The moonlight was strong enough for Maggie to see the corners of Jeremy’s lips curl up. “That sounded very convincing, Mags. Maybe if you actually kept your mouth shut, the threat would carry some weight.”
Furious, Maggie hissed through clenched teeth, “I mean it, Jerry.
You
got me in a lot of trouble today—”
“I got you in trouble?” Jeremy interrupted with a humorless laugh. “Oh, I like that!
I’m
not the one going about, looking like that … .” He nodded at her meaningfully.
“Looking like what?” Maggie demanded defensively.
“Like every man’s idea of perfection,” he finished, though he clearly hadn’t wanted to admit it. “Now, are you going to let me in, or am I going to have to rush the door?”
“Don’t you dare!” Maggie’s cheeks were on fire. Over her dead body was there going to be a repeat performance
of what had happened that afternoon. “I nearly got sent to a convent because of you!”
Jeremy took a deep breath, as if fighting for patience. “Look, Mags,” he said at last. “I’ve come to apologize. Will you let me in? Or am I going to have to stand out here and shout until your father comes along and puts a bullet in my brain?”
Maggie’s heart began its unsteady rattle inside her chest once more. “I—” She glanced nervously over her shoulder, but it wasn’t Hill she was worried about. It was her bed, a very large, comfortable four-poster, looming just a few yards away. “It’s just that …”

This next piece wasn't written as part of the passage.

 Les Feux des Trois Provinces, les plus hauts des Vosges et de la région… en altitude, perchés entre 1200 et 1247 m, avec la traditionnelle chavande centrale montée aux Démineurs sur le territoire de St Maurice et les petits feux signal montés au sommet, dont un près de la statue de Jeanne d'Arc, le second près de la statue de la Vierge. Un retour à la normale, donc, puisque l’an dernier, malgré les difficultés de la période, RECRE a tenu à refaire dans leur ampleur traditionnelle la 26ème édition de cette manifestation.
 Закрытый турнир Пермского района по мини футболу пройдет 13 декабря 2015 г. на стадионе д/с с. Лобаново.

Jeremy held out both of his hands. Even in the moonlight, they still looked menacingly large and masculine to Maggie. “If it’s these you’re afraid of,” he said amiably, “they’ll stay in my trouser pockets. I swear it.”
Maggie stuck out her chin. “I’m not afraid of you,” she lied contemptuously.

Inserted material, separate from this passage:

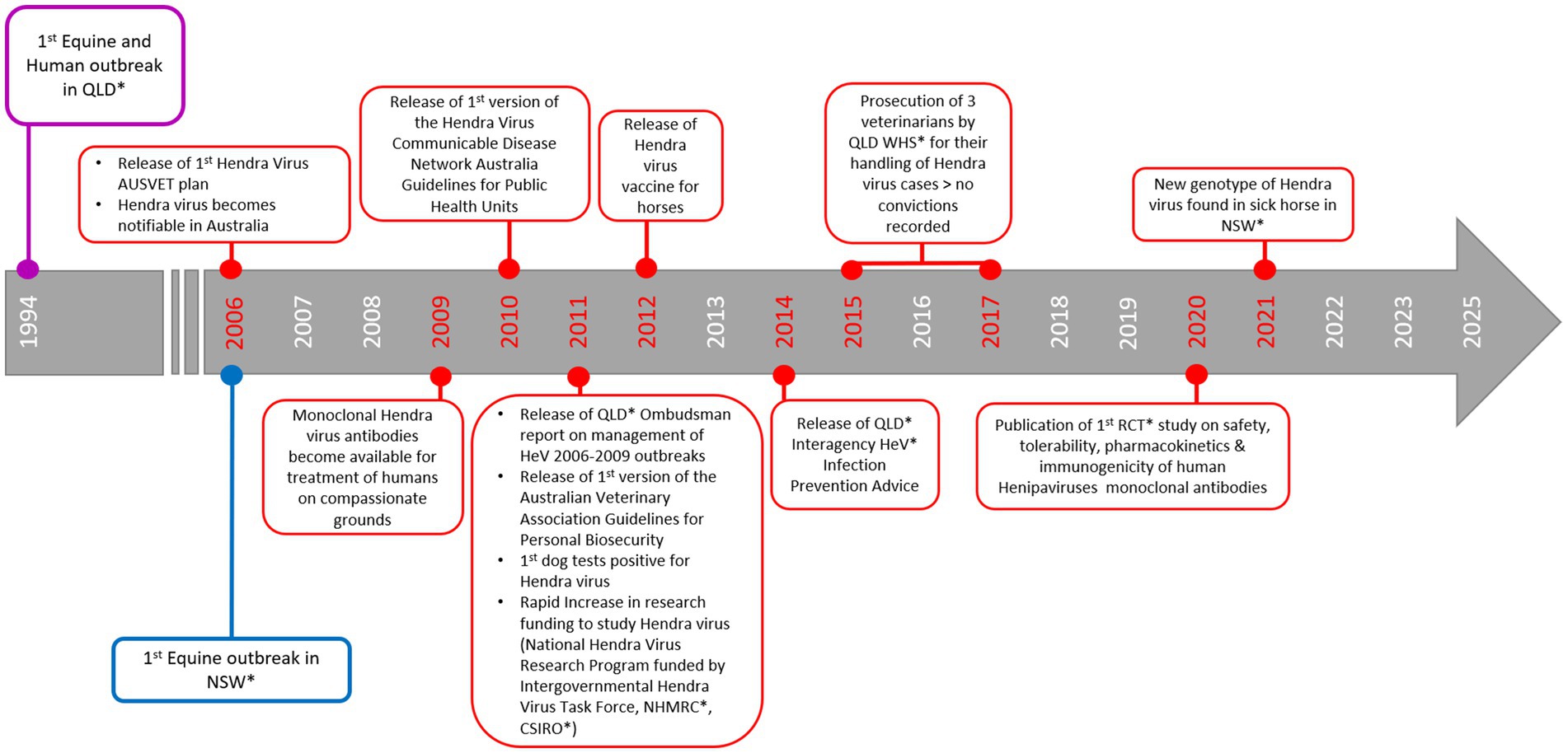 Figure 1. Timeline of Hendra virus outbreaks and key advancements for the management of Hendra virus in Australia. *CSIRO – Commonwealth Scientific and Industrial Research Organisation, HeV – Hendra virus, NHMRC – National Health and medical Research Council, NSW – New South Wales, QLD – Queensland, RCT – Randomised Control Trial, WHS – Workplace Health and Safety (2, 4, 6, 8, 9, 12-14, 18-21, 29).

“Oh, I know,” Jeremy said with a smug smile. “I’ve got the bruises to show it. So if that’s the case, why not let me in?”
It was a challenge. Maggie could not back down from it, and still retain what little honor she had left. So, eyeing him distrustfully, Maggie called, over her shoulder, “Hill?”
From the depths of her dressing room came a muffled, “Yes, miss?”
Keeping a careful eye on the man on her terrace, Maggie asked, “Hill, would you be so good as to leave the rest until tomorrow? I’m afraid I’ve developed a headache. I want to go to bed now.”
Behind her, the middle-aged maid popped her head out from the dressing room. “A headache, miss?”
Belatedly, Maggie realized her excuse had not been a good one. Miss Margaret Herbert had never been ill a day in her life, and the entire staff at Herbert Park knew it.